In which of the following cases, breaking of covalent bonds takes place?
(A) Boiling of ${{H}_{2}}O$
(B) Melting of KCN
(C) Boiling of $C{{F}_{4}}$
(D) Melting of $Si{{O}_{2}}$

Answer 1

The covalent bond can be broken by applying a desired amount of energy to overcome the strength of the covalent bond. As this is a stronger bond we need a higher amount of energies to make the processes possible.

Complete Solution :
Here, we would see each process one by one to conclude an answer;
1. Boiling of ${{H}_{2}}O$-
Boiling of water is a simple process in which simpler intermolecular forces act and distinct ${{H}_{2}}O$ molecules are separated. But the covalent bonds in between the ${{H}_{2}}O$ molecules do not break i.e. no intramolecular forces act.

2. Melting of KCN-
In the given molecule i.e. KCN contains both the ionic and covalent bonds. Also, it is a simpler molecule in which intermolecular forces can overcome during melting.
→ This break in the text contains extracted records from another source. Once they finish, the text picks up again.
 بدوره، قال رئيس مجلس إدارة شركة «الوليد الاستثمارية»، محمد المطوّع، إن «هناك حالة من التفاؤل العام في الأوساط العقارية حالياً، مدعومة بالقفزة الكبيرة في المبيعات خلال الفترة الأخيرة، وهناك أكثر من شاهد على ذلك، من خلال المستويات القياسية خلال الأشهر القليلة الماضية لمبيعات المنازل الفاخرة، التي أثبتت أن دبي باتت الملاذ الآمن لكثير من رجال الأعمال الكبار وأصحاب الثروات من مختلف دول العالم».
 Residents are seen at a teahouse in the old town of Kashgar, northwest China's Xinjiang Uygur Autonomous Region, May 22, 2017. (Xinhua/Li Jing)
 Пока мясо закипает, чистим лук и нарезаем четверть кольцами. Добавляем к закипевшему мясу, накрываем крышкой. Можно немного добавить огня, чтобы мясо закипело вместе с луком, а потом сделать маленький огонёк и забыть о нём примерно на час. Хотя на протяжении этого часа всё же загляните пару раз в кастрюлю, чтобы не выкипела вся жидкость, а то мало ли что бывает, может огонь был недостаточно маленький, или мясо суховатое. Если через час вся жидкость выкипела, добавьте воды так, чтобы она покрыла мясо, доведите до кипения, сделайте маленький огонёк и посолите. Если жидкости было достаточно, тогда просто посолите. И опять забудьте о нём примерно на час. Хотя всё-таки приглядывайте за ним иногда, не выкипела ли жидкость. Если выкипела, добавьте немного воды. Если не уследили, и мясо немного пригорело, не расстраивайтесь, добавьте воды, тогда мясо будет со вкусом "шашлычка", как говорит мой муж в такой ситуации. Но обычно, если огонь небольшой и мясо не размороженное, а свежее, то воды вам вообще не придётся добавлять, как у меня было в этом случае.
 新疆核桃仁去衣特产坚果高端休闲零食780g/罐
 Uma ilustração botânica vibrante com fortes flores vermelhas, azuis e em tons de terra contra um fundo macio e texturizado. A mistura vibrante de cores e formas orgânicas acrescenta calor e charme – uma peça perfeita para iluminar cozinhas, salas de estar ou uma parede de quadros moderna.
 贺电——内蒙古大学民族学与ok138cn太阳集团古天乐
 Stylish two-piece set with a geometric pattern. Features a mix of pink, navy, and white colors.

But the covalent bonds cannot be broken in this case as well.

3. Boiling of $C{{F}_{4}}$-
Carbon tetrafluoride is a covalent compound as a water molecule, in which carbon forms a single bond with each fluorine atom. So, when we boil this compound, it is impossible to break this covalent bond due to its high stability.

4. Melting of $Si{{O}_{2}}$ -
In silica, silicon is $s{{p}^{3}}$ hybridised and is thus linked to four oxygen atoms forming a three-dimensional structure. This giant molecule is highly stable and hence, requires a high amount of energy to break this crystal. But at a higher melting point, this can be made possible.
Therefore, breaking of covalent bonds can take place while we melt $Si{{O}_{2}}$.
So, the correct answer is “Option D”.

Note: The overall analysis can be done easily when we observe the structures of given molecules. More the complexity, more possibility to break the bonds.